New insights suggest pressurised water at fault lines could drive seismic activity

Recently released research from Cardiff University offers a new possible cause for the slow tectonic creep at fault lines to become the faster sliding of an earthquake.

Dr Ake Fagereng, a scientist in the School of Earth and Environmental Sciences, working with Professor Luca Menegon from the University of Oslo, has explored how this happens. Studying a small, now inactive shear zone in northern Norway has provided evidence to support theoretical models that suggest pressurised water acts as an instigating factor in these movements.

The shear zone under examination contains structures commonly created by both rapid energetic motion and slow deformation over time. By analysing the minerals and structures of the rocks in the zone, it is possible to extrapolate the conditions that create these geological features.

Fractures in zones like these are under high pressure, making it incredibly difficult for them to open under typical conditions. The presence of water within the pores of the rock however can trigger the fracturing. Water present in these pores becomes pressurised by the slow persistent movement of rocks surrounding the fault line, fracturing the rock. As the water flows out of the fractures it enters new porous areas within the rock and the cycle begins again.

Evidence for the presence of water in these zones during the rapid motion comes from the veins of quartz present within the zones. As pressurised silica-bearing water enters the open fractures, the water is depressurised, and silica is deposited creating the veins found in the zones being studied.

Dr Fagereng describes the motion as “A bit like spreading butter on toast – when sheared, the viscous material is stretched, flattened, and any pore space is reduced. Consequently, any water inside the shear zone is also pressurised. If there is nowhere for the water to go, water pressure increases until fractures open, then, immediately, the water pressure is released as water flows into the new fractures.”

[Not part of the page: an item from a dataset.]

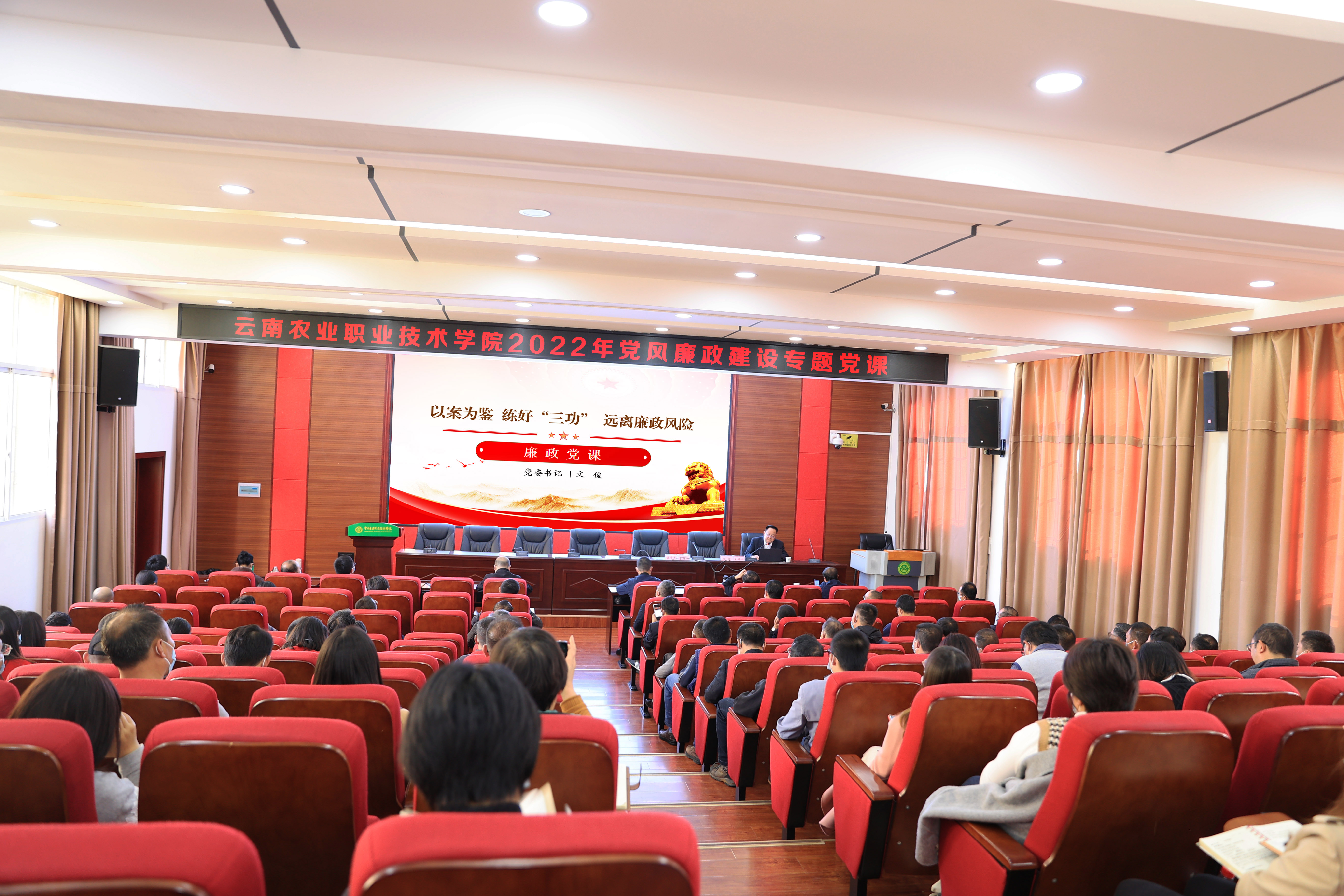 文俊书记从党的二十大报告第十五部分“坚定不移全面从严治党,深入推进新时代党的建设新的伟大工程”出发、学习领会习近平总书记中央纪委六次全会重要讲话精神和云南省第十一届纪律检查委员会第二次全体会议精神,结合身边案例和高校工作实际,从要练好思想上的“内功”、要有守住廉洁自律的“防功”,到要有分清公与私的“硬功”等方面,用一个个鲜活的案例、一个个缺失廉洁意识的故事,直击大家灵魂深处,引发深思。文俊书记指出,党员干部一定要清醒地认识当前面临的形势和任务,牢固树立底线意识,清楚底线内容,时刻警醒逾越底线的严重后果,始终警示自己坚守底线,老老实实做人,踏踏实实干事。他希望大家堂堂正正干立德树人事,清清白白做清廉学校建设者,持续推进作风革命效能革命,不断提升学院校风、教风、学风,巩固好清廉农职建设的成果,保障学院各项事业高质量发展。

Using this model can help researchers to understand more about earthquake hazards in areas where small repeating quakes are a regular occurrence. It can also help mineral prospectors rule out mineral veins found in similar geological conditions as resulting from too small scale fluid flow to be economically viable, because of the locally-sourced, small-scale nature of how the minerals are deposited.

The paper is available online at Geoscience World.